- _Problem_:
The copy should begin at the line containing "Náplň pro roller" and end with the last line below, every line exact and no picture included.

- _Provided material_:
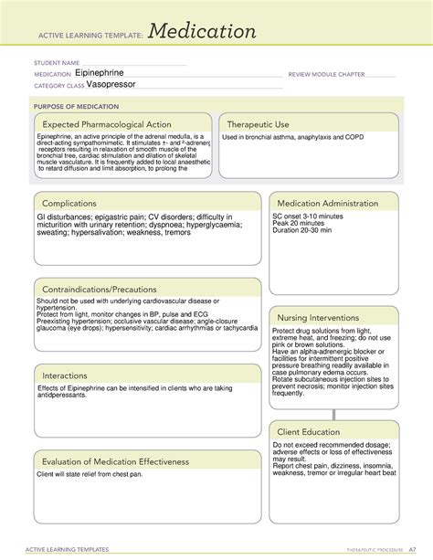 Epinephrine Medication Template. Epinephrine, an active principle of the. Medication jon thomas student name epinephrine.
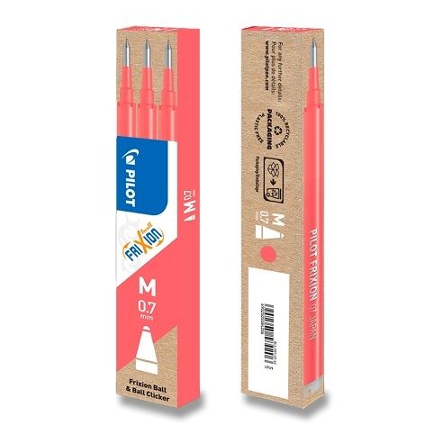 Náplň pro roller Pilot Frixion nebo Pilot Frixion Clicker M 07. V sadě 3 ks náplně. Šíře hrotu M 0,7 mm, šíře stopy 0,35 mm.
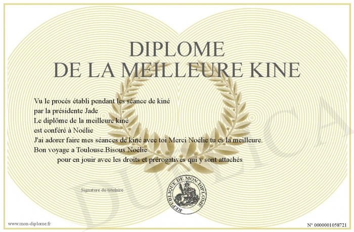 Envoyez par email votre Diplôme de la meilleure kiné personalisé

- _Result below_:
 Náplň pro roller Pilot Frixion nebo Pilot Frixion Clicker M 07. V sadě 3 ks náplně. Šíře hrotu M 0,7 mm, šíře stopy 0,35 mm.
 Envoyez par email votre Diplôme de la meilleure kiné personalisé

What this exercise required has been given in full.